At the height of the great 1919 steel strike, the U.S. press carried so little news of the dispute that 32 labor editors decided to start a cooperative, nonprofit news service solely to cover union activities. The agency: Federated Press. Since 1922 the F.P. has been run by Carl Haessler, a Detroit newsman, publicist, e.g., with the Institute for Mortuary Research, and a self-styled “anticapitalist” who was court-martialed for refusing to put on an Army uniform in World War I, later went to Alcatraz for leading a prison strike. Not long after its founding, F.P. began to toe the Socialist and later the Communist Party line, employed many Communist editors and correspondents.

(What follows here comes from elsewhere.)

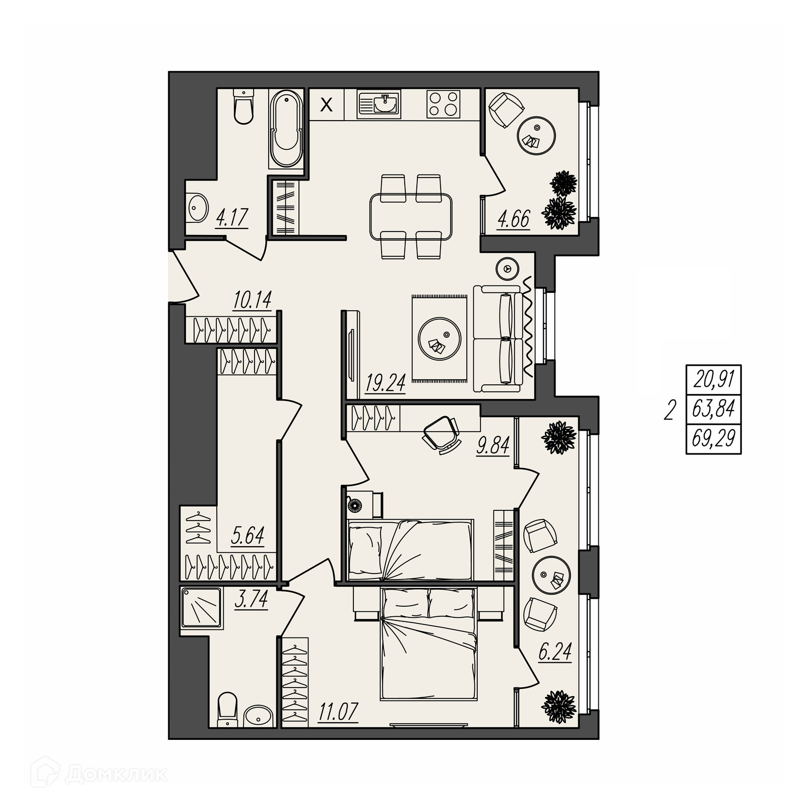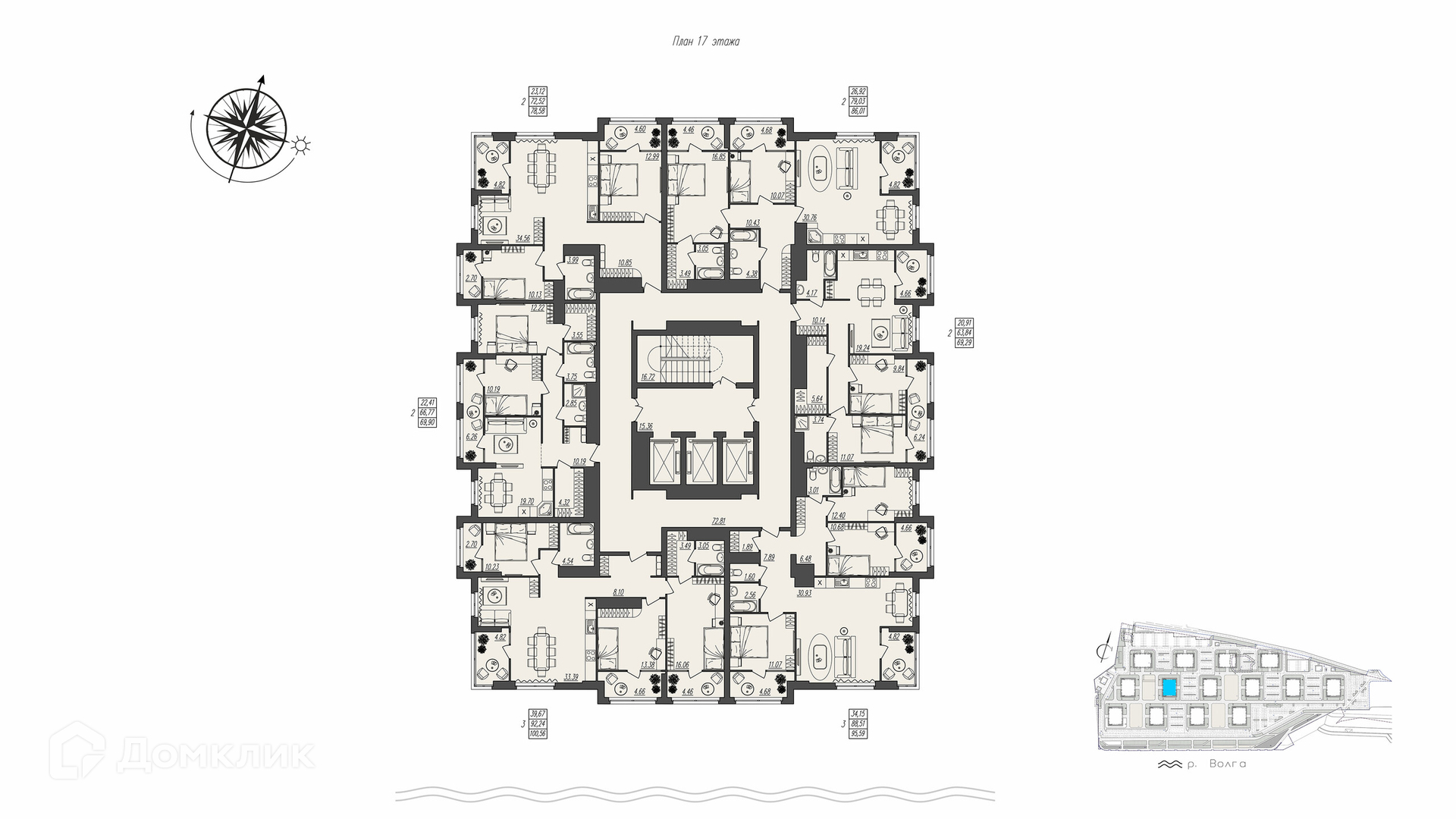 Площади квартир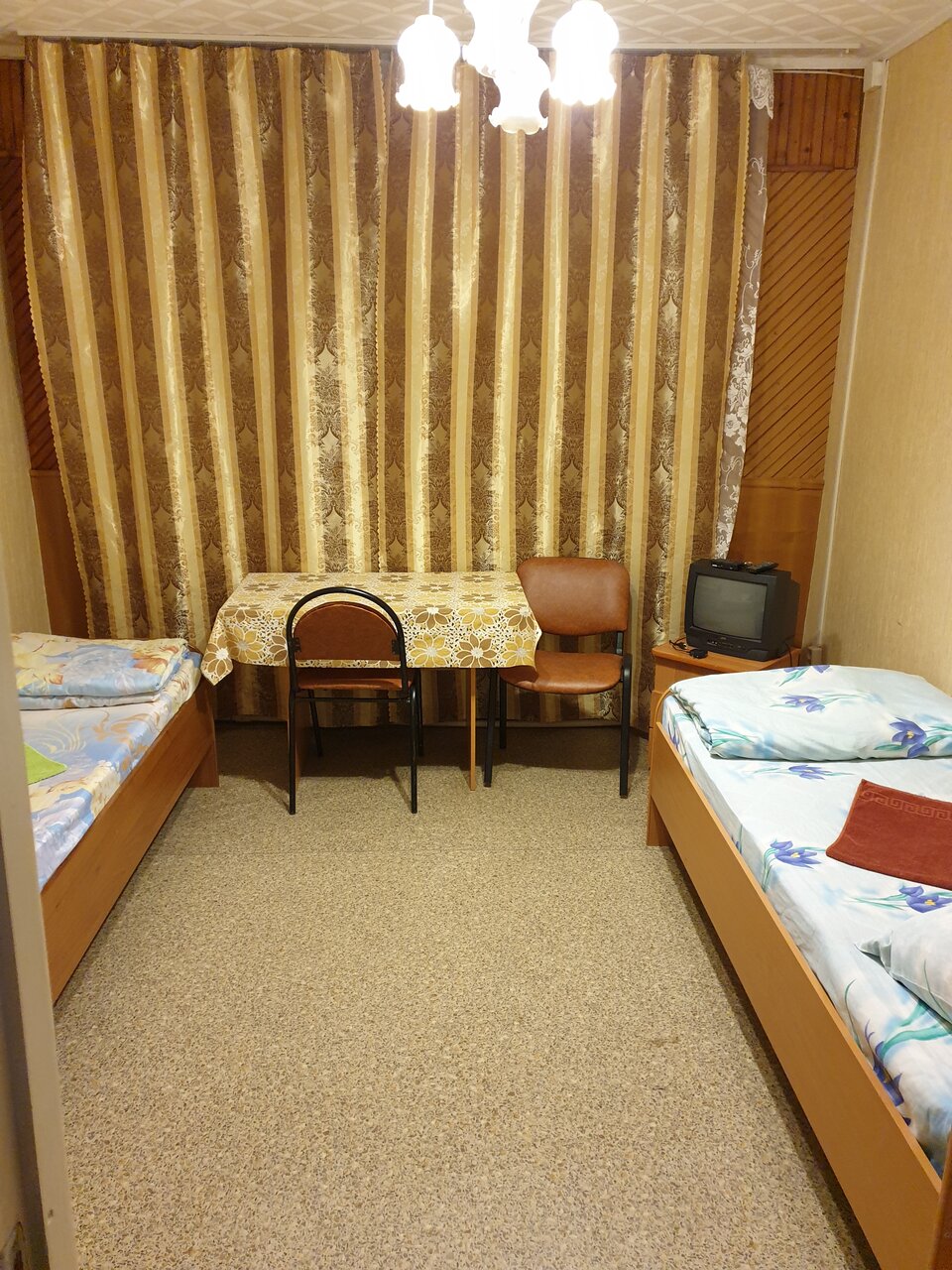 Только для любителей экстрима. На улице холод но, в номере тоже, конец августа. Обогревателей нету. Поэтому полностью в куртке спать надо. Ну и обстановка жестокая — вечный ремонт своими руками и ламповый телевизор с советской посудой.

F.P. barely survived the early Depression, but revived rapidly under the New Deal, when the C.I.O. started dozens of union papers. Despite its Red sympathies, F.P. boasted some 200 subscribers (including many anti-Communist publications) at its peak shortly after World War II. But the agency’s biggest support came from labor journals. In 1949, when the C.I.O. started cleaning out Red unions, a non-Communist labor news service called the Labor Press Association siphoned away many union papers. Though L.P.A. folded in 1954, Haessler survived by servicing the two principal U.S. Communist dailies—Manhattan’s Daily Worker and San Francisco’s People’s World—and a hard core of leftwing unions.
Last month, with fewer than 50 subscribers, Haessler, 68, decided to suspend operations “temporarily.” Last week he announced in Detroit that Federated Press would not resume service.